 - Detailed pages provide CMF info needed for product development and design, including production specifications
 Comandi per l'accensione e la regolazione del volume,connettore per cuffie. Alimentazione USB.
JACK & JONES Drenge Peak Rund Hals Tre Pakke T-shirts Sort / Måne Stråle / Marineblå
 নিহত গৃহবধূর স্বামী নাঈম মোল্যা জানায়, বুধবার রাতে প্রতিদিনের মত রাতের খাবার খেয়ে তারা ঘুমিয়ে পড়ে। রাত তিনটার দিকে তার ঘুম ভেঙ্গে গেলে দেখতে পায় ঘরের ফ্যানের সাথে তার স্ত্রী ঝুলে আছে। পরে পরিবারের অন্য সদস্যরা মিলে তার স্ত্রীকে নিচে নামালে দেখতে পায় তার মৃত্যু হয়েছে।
==
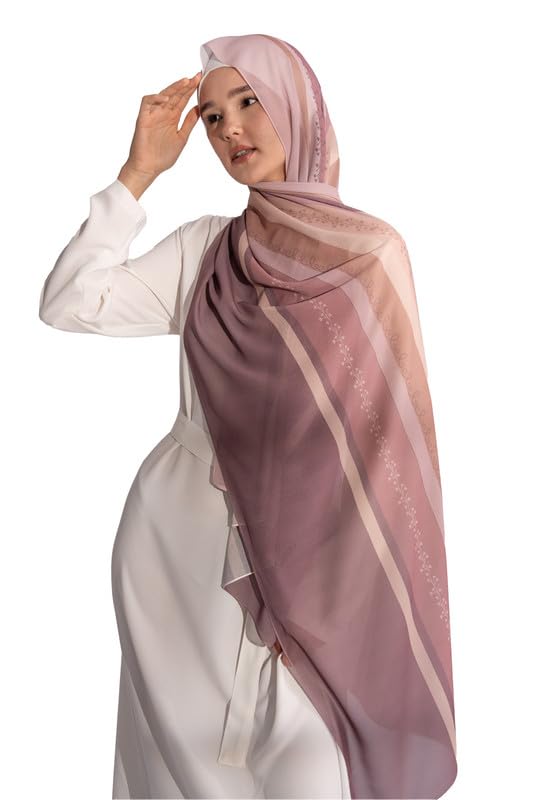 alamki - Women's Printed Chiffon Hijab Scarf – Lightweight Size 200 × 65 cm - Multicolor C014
--
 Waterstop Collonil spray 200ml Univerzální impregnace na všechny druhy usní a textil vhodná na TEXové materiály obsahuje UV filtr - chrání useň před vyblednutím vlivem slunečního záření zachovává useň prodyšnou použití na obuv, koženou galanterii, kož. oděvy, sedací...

▶ WORK TASK: Looking back over the data above, restate word for word the lines that begin at the line with "JACK & JONES" and end at the line with "নিহত গৃহবধূর স্বামী", inclusive.

▶ RESPONSE TO THE TASK:
JACK & JONES Drenge Peak Rund Hals Tre Pakke T-shirts Sort / Måne Stråle / Marineblå
 নিহত গৃহবধূর স্বামী নাঈম মোল্যা জানায়, বুধবার রাতে প্রতিদিনের মত রাতের খাবার খেয়ে তারা ঘুমিয়ে পড়ে। রাত তিনটার দিকে তার ঘুম ভেঙ্গে গেলে দেখতে পায় ঘরের ফ্যানের সাথে তার স্ত্রী ঝুলে আছে। পরে পরিবারের অন্য সদস্যরা মিলে তার স্ত্রীকে নিচে নামালে দেখতে পায় তার মৃত্যু হয়েছে।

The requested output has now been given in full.